Brooks took several golden doorknobs with him that he carried until the day he left Europe. But the bag he carried them in, which also contained an elaborate camera confiscated from a German citizen after the Nazis surrendered, was stolen as he got on the victory ship, he said.
“I didn’t give a hell of a lot about losing the camera, but I hated to get rid of those doorknobs,” Brooks said.
Brooks made a quick transition from war to peace. By year’s end, he was enrolled at the University of Idaho.
After earning an economics degree, he worked at Murphey Favre in Spokane, then sold securities at Washington Mutual. He and his wife, Annette, raised three children.
‘It was a big party’
By the time the war in Europe was over, Bill Luke had seen it all.
On D-Day, he had witnessed the carnage at Omaha Beach. Eleven months later, he was in the middle of Germany with the 9th U.S. Army.
More surprises awaited as the 9th Army invaded northern Germany. As Luke’s unit occupied the Volkswagen plant in Wolfsburg, he found the main office. It was filled with books.

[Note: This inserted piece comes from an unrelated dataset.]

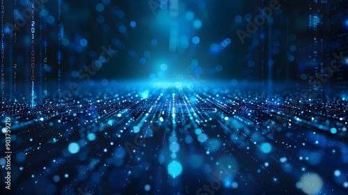 Futuristic Digital Landscape with Glowing Particles and Binary Code

“We thought they might be booby-trapped, but I’ll never forget one of the books,” Luke said. “It was a guidebook to Detroit.”
Later, on the Elbe River, he witnessed thousands of German civilians who were more than eager to be liberated by the Americans instead of the Russians.
“They were strung out for miles, in cars and wagons and on foot; I’m sure that the Germans didn’t care for the Russian life,” Luke said.
When the war ended, the party began for the 336th Combat Engineer Battalion.
“There were only two of us who didn’t drink, so we had to watch everybody – it was a big party,” Luke said.
“But it never got out of control.”
Most of his colleagues expected to be sent halfway around the world to finish the war against Japan. Instead, Luke and others got a free railway tour of Switzerland.
“That was a nice gesture,” said Luke, who was still on his Alpine adventure when word in August 1945 came that Japan had surrendered.
Now the war really was over, and Luke could return home. In 1953, he “married the perfect girl” and established a trade journal focusing on the bus industry.
In 1969, he and wife Adelene moved to Spokane, where for five years Luke was assistant manager of Empire Lines. He went on to produce trade journals and other publications.
“I was just pleased that I had a part in helping bring about peace,” Luke said. “That was important to all of us.”